Et bien deux choses:



  • Le film traite dans deux univers différents, d'une part nous avons
    affaire à un pseudo-réalisme manichéen où les méchants sont très
    violents et où les gentils sont vraiment, mais alors vraiment très impuissants.


(sauf pour ce qui est de la résistance)


.



  • Et un monde fantastique où créatures mythologiques et royaumes
    oniriques se mélangent pour matérialiser une atmosphère au grand
    potentiel mais qui est en mon sens bien trop inexploitée, mais j'y
    reviendrai plus tard.


J'ai du mal à cerner l'intention du réalisateur après avoir visionné ce film, veut-il s'adresser à un jeune public auquel il destine ce conte fantastique ? Non ! Bien trop sanglant pour montrer ça à des enfants de 12 ans. Souhaite-t-il toucher un public plus mature alors ? Mais pourquoi diable tant de niaiseries maladroites dans ce cas ? Tout est si noir ou si blanc, le grand méchant à la James Bond et son accent à couper au couteau, habillé d'un uniforme de l'armée espagnole suivi de ses sous-fifres tout aussi bêtes et méchants que lui, ils ne leur manqueraient plus que le grognement pour être pleinement convaincants. Bon tout ça se passe sur fond historique dans une Espagne d'après guerre dans laquelle l'armée possède un grand pouvoir et contre laquelle s'oppose un petit groupe de résistants. Tout ça est très intéressant mais pourquoi est-ce traité de manière si superficielle ?
On veut en savoir plus bon sang ! Bon après tout, peut-être que le réalisateur a pris le parti de laisser de côté cette part là du récit.
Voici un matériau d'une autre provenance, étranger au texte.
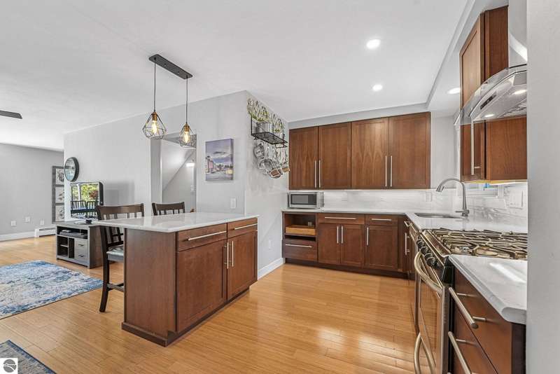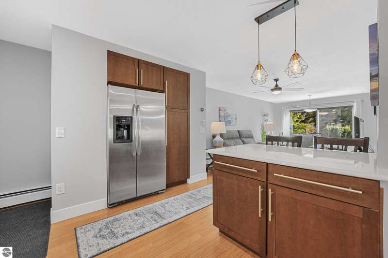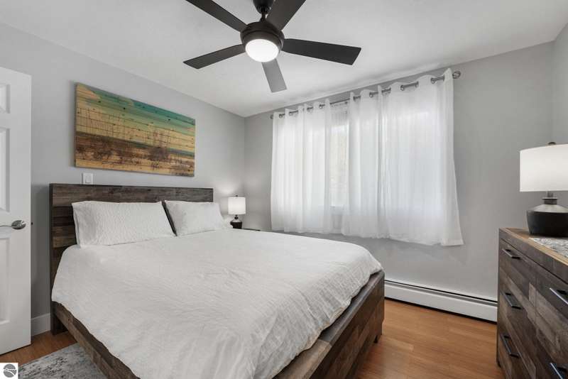 Move in ready! Wonderful opportunity to own in Leelanau County. This 2-story townhouse has been lovingly remodeled with extensive infrastructure updates throughout and attention to detail. Bright and open main floor living with wood flooring throughout. Peninsula style kitchen offers quartz counter tops, stainless appliances and pantry. Dining area includes slider to rear patio. Upper level includes two spacious bedrooms and bath. Full lower level offers additional space or great for storage. Unit sold with furniture included. Dues are $355/mo and include snow removal, lawn, water, sewer, trash removal, and all exterior maintenance. Minutes from Traverse City & Suttons Bay, close to public boat launches and Leelanau trail.

Et bien non ! Le monde magique qui n’apparaît que très peu finalement et qui frustre au plus haut point tant les maigres instants que nous en avons sont relativement savoureux.
L'ambiance de ce monde mythologique est vraiment très agréable à parcourir de minutes en minutes mais jamais suffisamment développé, reste dans le superficiel encore une fois et dans traitements trop classiques et bassement spectaculaires.
Pourquoi ne pas avoir laissé plus de place à la poésie dans un monde qui n'appelait qu'à en recevoir d'avantage !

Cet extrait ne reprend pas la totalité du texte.